Eles são mais um retrato da exclusão social. Migram de cidade em cidade em busca de pequenos serviços e bicos para garantir o pão de cada dia. Na maioria das vezes recebem "não" como resposta, por estarem sujos e malvestidos.
Se preciso, dormem nas ruas ou estradas e usam o álcool para aliviar as tensões.
O perfil descrito acima é típico dos trecheiros pessoas que perderam o vínculo com sua origem e vivem destinos incertos. Diferenciam-se dos moradores de rua ou "pardais" definição dada por eles mesmos porque não se fixam em município algum.
Considerado um movimento migratório recente, os trecheiros, ou pessoas em trânsito, como é definido o grupo pela Fundação de Ação Social de Curitiba (FAS), é o segundo que mais solicitou atendimento na Casa da Acolhida do Regresso (CAR) nos últimos dois anos. A entidade funciona na Rodoferroviária e oferece serviços na área de assistência social a pessoas em situação de vulnerabilidade e risco que chegam à capital paranaense.
As solicitações feitas pelos trecheiros representam 23% das 11.458 registradas em 2006 na entidade, o segundo lugar no ranking de atendimentos da CAR. Os atendimentos aos trecheiros só perdem para pessoas que vêm à capital tentar a sorte em busca de emprego pela primeira vez representando 32% do total de atendimentos.
A preocupação da assistente social e coordenadora de proteção especial de média complexidade da FAS, Marisa Mendes de Souza, é de que parte das pessoas que estão nesse grupo carregam o risco de se tornar futuros moradores de rua de Curitiba. "Muitos são iludidos e chegam por aqui em péssimas condições", diz.
Na prática, isso já está acontecendo. É o caso de Vanderlei dos Santos, 35 anos, que retornou a Curitiba após dez anos de vida como trecheiro, viajando e trabalhando principalmente no interior do estado. Antes, Santos não se fixava em um município por mais de seis meses. Agora, vive nas ruas de Curitiba há três anos, mas a intenção é voltar para a estrada. "Tento fazer bicos, mas quem vai dar trabalho para quem está nessa condição?", afirma, mostrando as roupas e chinelos sujos. O ex-trecheiro se diz revoltado com a sociedade e justifica o uso do álcool como remédio. "Fico mangueando (pedido doações) para comprar pinga mesmo", diz.
Porém, muitos dos andarilhos só se fixam numa cidade quando apresentam problemas de saúde, conforme ressalta a assistente social e coordenadora da Central de Resgate Social da FAS, Eliana Oleski. "O objetivo deles é continuar seguindo. Estão sempre a caminho porque não possuem mais expectativas de vida", diz.
É o caso de Isabel Cristina Milano, 37 anos, que parou em Curitiba há quatro anos devido a um reumatismo que adquiriu numa das pernas.

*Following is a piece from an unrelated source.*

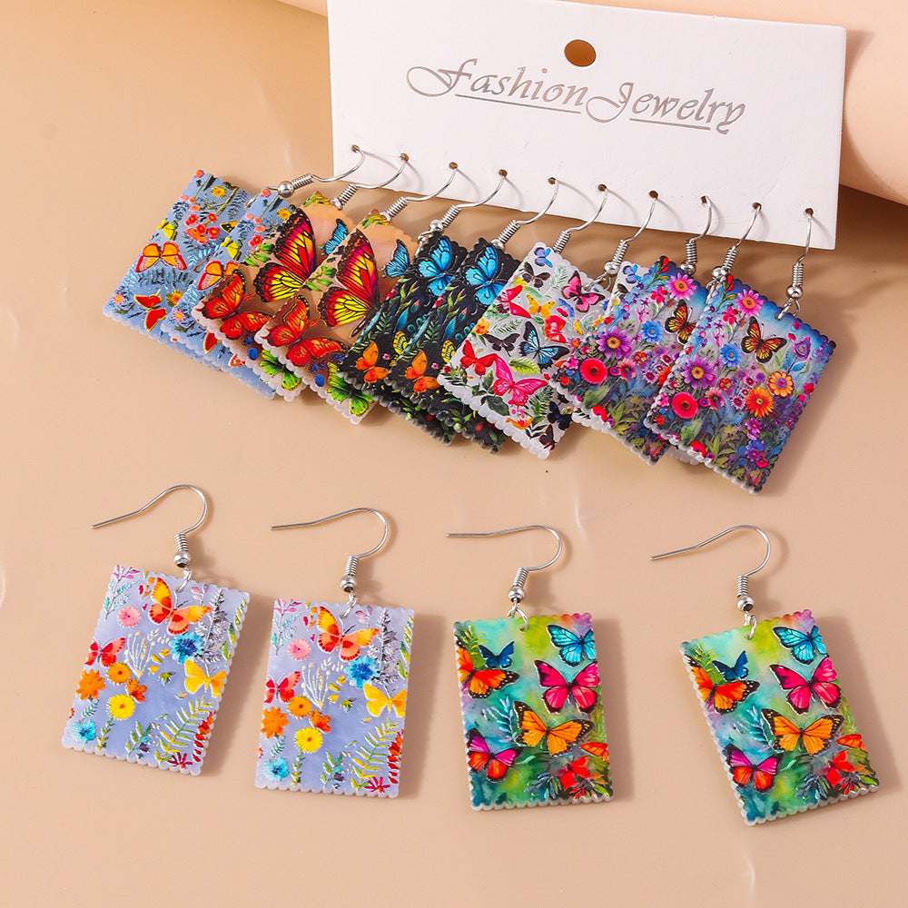 Wholesale Animal Geometric Ear Hooks and Drops Oil Painting Butterfly Earrings

Moradora em situação de rua, Isabel sobrevive de venda de poesias e artesanato. "Quando fica muito difícil eu mangueio mesmo", diz. Isabel lembra que virou uma trecheira após a morte dos seus pais, quando tinha 13 anos. "Decidi pegar a estrada. Já fui até Salvador a pé. Levei três meses. Também tive de me prostituir para conseguir pequenas caronas com o caminhoneiros", conta.
Tendência migratória
A socióloga e professora de Ciências Sociais da Universidade Federal do Paraná (UFPR), Benilde Maria Motim, ressalta que há muitos anos os migrantes passam de uma região rural para uma pequena cidade, depois se dirigem a cidades de porte médio, para em seguida chegar às grandes cidades. Benilde é autora da pesquisa Famílias migrantes na Região Metropolitana de Curitiba (RMC): Sociabilidade e estratégias de sobrevivência, que estabelece uma análise das histórias de vida de famílias migrantes que vieram para a RMC entre 1965 e 1995. "À medida que parte destes trecheiros estão na cidade, mas não conseguem integrar-se ao mercado de trabalho e aos círculos urbanos de sociabilidade, há de fato o risco de constituírem-se moradores de rua", diz.
Já o sociólogo e professor da PUCPR Lindomar Wessler Boneti lembra que os fluxos migratórios sempre foram marcados para um lugar e acompanhavam a instalação do capital. "Hoje, não temos mais a instalação do capital num local só. É um processo migratório novo. Mas essas pessoas são vulneráveis e não acumulam recursos. Ganham para comer o dia. Quando o serviço acaba não tem sequer para onde voltar", argumenta.